WHAT YOU SHOULD DO: Reproduce the listing below from the line with "Hier finden Sie" to the line with "YY/T 1963-2025", both lines included, character for character, minus any pictures.

RECORDS PROVIDED:

· · · · ·

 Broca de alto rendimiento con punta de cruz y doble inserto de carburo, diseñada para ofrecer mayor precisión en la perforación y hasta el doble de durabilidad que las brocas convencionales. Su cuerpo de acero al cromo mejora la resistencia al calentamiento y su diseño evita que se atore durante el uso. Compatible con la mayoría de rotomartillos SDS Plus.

· · · · ·

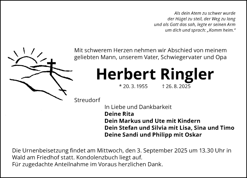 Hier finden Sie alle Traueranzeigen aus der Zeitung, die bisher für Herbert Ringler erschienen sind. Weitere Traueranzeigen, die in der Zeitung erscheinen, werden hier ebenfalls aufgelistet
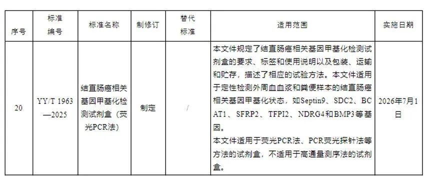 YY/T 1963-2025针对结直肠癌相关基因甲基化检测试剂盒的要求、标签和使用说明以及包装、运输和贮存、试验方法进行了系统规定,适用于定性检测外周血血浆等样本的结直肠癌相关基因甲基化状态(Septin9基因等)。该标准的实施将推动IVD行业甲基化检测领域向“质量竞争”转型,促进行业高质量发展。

· · · · ·

TASK RESULT:
 Hier finden Sie alle Traueranzeigen aus der Zeitung, die bisher für Herbert Ringler erschienen sind. Weitere Traueranzeigen, die in der Zeitung erscheinen, werden hier ebenfalls aufgelistet
 YY/T 1963-2025针对结直肠癌相关基因甲基化检测试剂盒的要求、标签和使用说明以及包装、运输和贮存、试验方法进行了系统规定,适用于定性检测外周血血浆等样本的结直肠癌相关基因甲基化状态(Septin9基因等)。该标准的实施将推动IVD行业甲基化检测领域向“质量竞争”转型,促进行业高质量发展。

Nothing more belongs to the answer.